# hedgie noises: growling & snoring



## happytreecompany (Dec 15, 2016)

so i heard wylie growl for the first time ever, very interesting! i was up late and it was pitch black in my room and i heard him wheeling. i quietly army-crawled to his cage in stealth mode because i never get to see him enjoying his cage and wanted to see. i watched for a long time and then sneezed. that obviously alerted him to my presence and he took a very "dominant" stance and started growling almost like a dog. i assume this is territorial behavior because i interupted his wheeling and was near his home. anyone have insight on the growling? 

also when wylie falls asleep on my lap he makes a (what i assume to be) snoring sound which is a like a little clicking noise. 

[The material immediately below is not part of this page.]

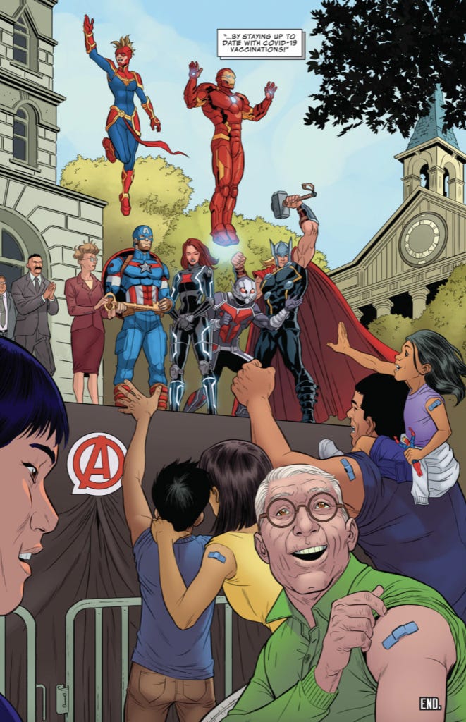This is brave of Marvel and Disney. Mixing face masks and vaccines with superheroes is either very confident, or very profitable. Dress it up how you want, but Band-Aids on old men’s arms aren’t exactly superhero-ish. It’s a long way from muscular Thor and his hammer. And every adverse vaccine event stands to puncture the allure of the superhero like a needle through a cape.

over the past six months ive been slowly deciphering his noises, good and bad. love to hear some other interpretations of noises.


----------



## Poppy_the_hedgie (Nov 14, 2016)

The "snoring" you are hearing could be purring. Poppy purrs whenever she is relaxed. I have not really heard Poppy growl, but sometimes she sort of grumbles when she plays tug-o-war with her little stuffed animal!


----------



## happytreecompany (Dec 15, 2016)

sorry poppy, just saw this! but i think you may be right... i think its a purr! because the other day i was rubbing his back and he made the same clicking noise while awake and then he splatted out on his tummy! (so cute!!) so i think you're right, he's just relaxed and happy. :lol:


----------



## nuratiqah116 (Sep 7, 2017)

i have the same problems as you right now... lucky.. Zoro (my hedgehogs name) also snoring at day time. reading this slow down my insecure. he still 3month old.. and i own him for 3 weeks already.. *smile


----------